WASHINGTON, D.C. — The Islamic State (ISIS/ISIL) branch in war-torn Libya is “the greatest cause for concern,” President Obama’s envoy to the anti-ISIS coalition told lawmakers.

In written testimony prepared for a House Foreign Affairs Committee hearing held Wednesday, U.S. envoy Brett McGurk said, “The ISIL branch in Libya is the greatest cause for concern given its attacks to date in Libya and the threat it poses to our regional partners, such as Tunisia and Egypt.”

We also continue to monitor ISIL’s attempts to establish additional affiliates, such as in Bangladesh and Somalia, and are engaging partners and host nations. There is a strong international consensus on the imperative to rid the world of this terrorist group – and while we focus on the core in Iraq and Syria we are also working to enhance the capacity of local partners to identify and eliminate emerging threats before they can materialize.
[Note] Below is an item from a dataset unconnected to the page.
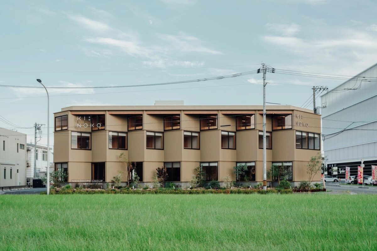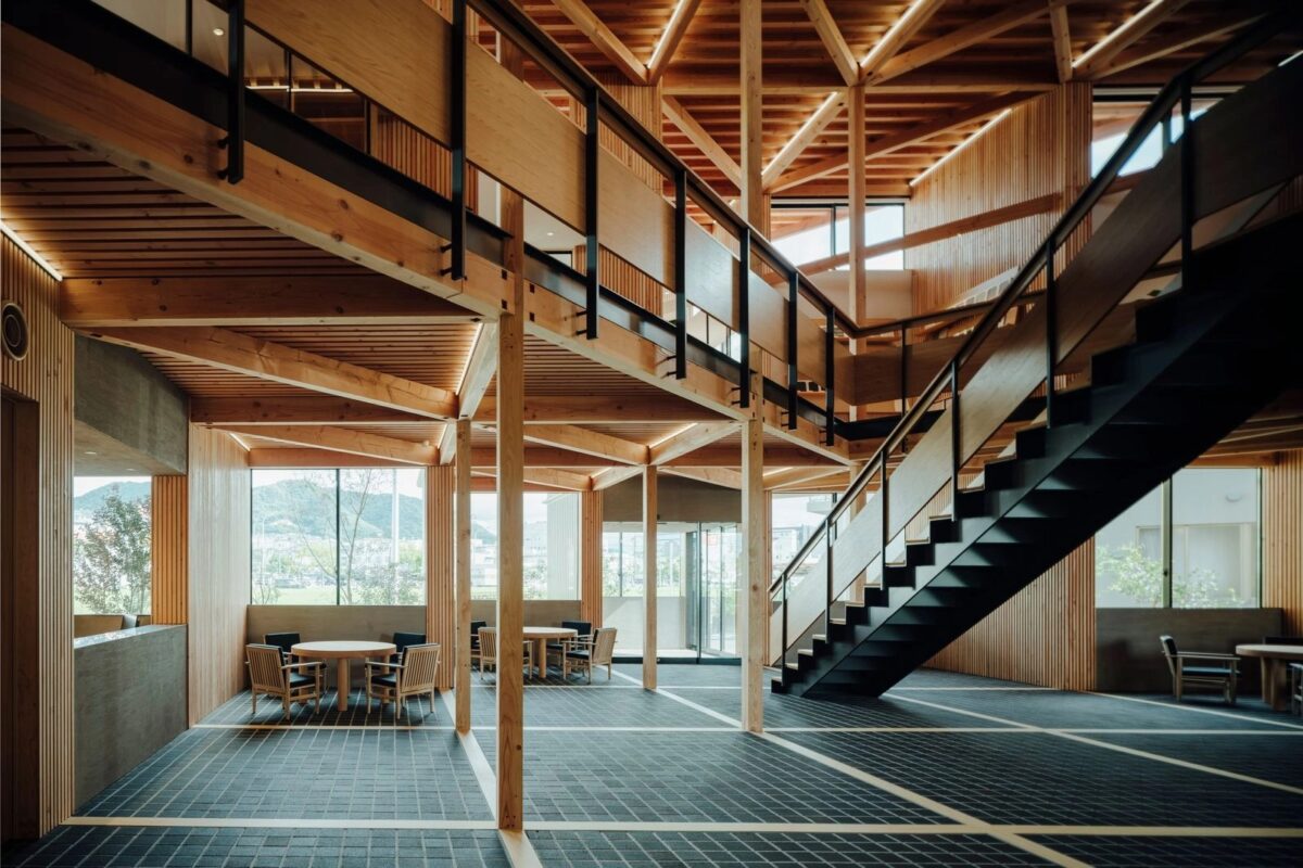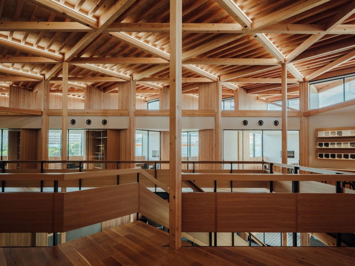 住宅のない周辺環境に対し、木造モジュールを基準としたスケールや寸法を取り入れ、「家」の感覚を持ち込むことが目指されたオフィス。グリッドを45°振って外形を雁行させ、植栽を介して外部環境に柔らかな余白を生み出すとともに、内部では吹き抜けを中心とした回遊動線を取り入れています。木架構や格子を現しとし、光や素材の質感を活かすことで、居心地のよい場を形成しています。

ISIS branches in Libya, Sinai, Yemen, and Saudi Arabia are receiving financial support from the jihadist group’s base in Iraq and Syria, testified McGurk.

“We also know that the ISIL networks previously discussed facilitating expansion by dispatching capable individuals and funds, and promoting a dangerous transnational narrative. This makes it imperative to work as a global Coalition to identify and shut down networks running from the core to the affiliates,” he noted.

McGurk acknowledged that the U.S. “should expect setbacks and surprises” in the fight against ISIS.

Last year, U.S. and Libyan officials expressed concern over ISIS’s expansion into chaotic Libya, which has been gripped by unrest since rebels, backed by the U.S. and other Western powers, hunted down and killed former dictator Moammar Gaddafi on Oct. 20, 2011.

Dr. Aref Nayed, the Libyan Ambassador to the United Arab Emirates, warned in February 2015 that ISIS could use Libya as a platform to launch terrorist attacks against Europe, namely Italy.

That same month, ABC News quoted an anonymous U.S. counterterrorism official as saying that ISIS jihadists “pretty much own Libya. We have zero collection there and zero authorities there.”

A few months later, on January 27, Pentagon press secretary Peter Cook told reporters that the Obama administration has deployed U.S. forces to Libya to try “to establish contact with forces on the ground so that we get a clear picture of what’s happening there,” adding that ISIS in Libya is “a significant concern for us.”

Russian airstrikes on behalf of Syrian dictator Bashar al-Assad are pushing U.S.-backed Syrian opposition forces to fight the Syrian government rather than ISIS, testified Obama’s envoy on Wednesday.

“What Russia is doing is directly enabling ISIL,” he said, echoing various members of the Obama administration.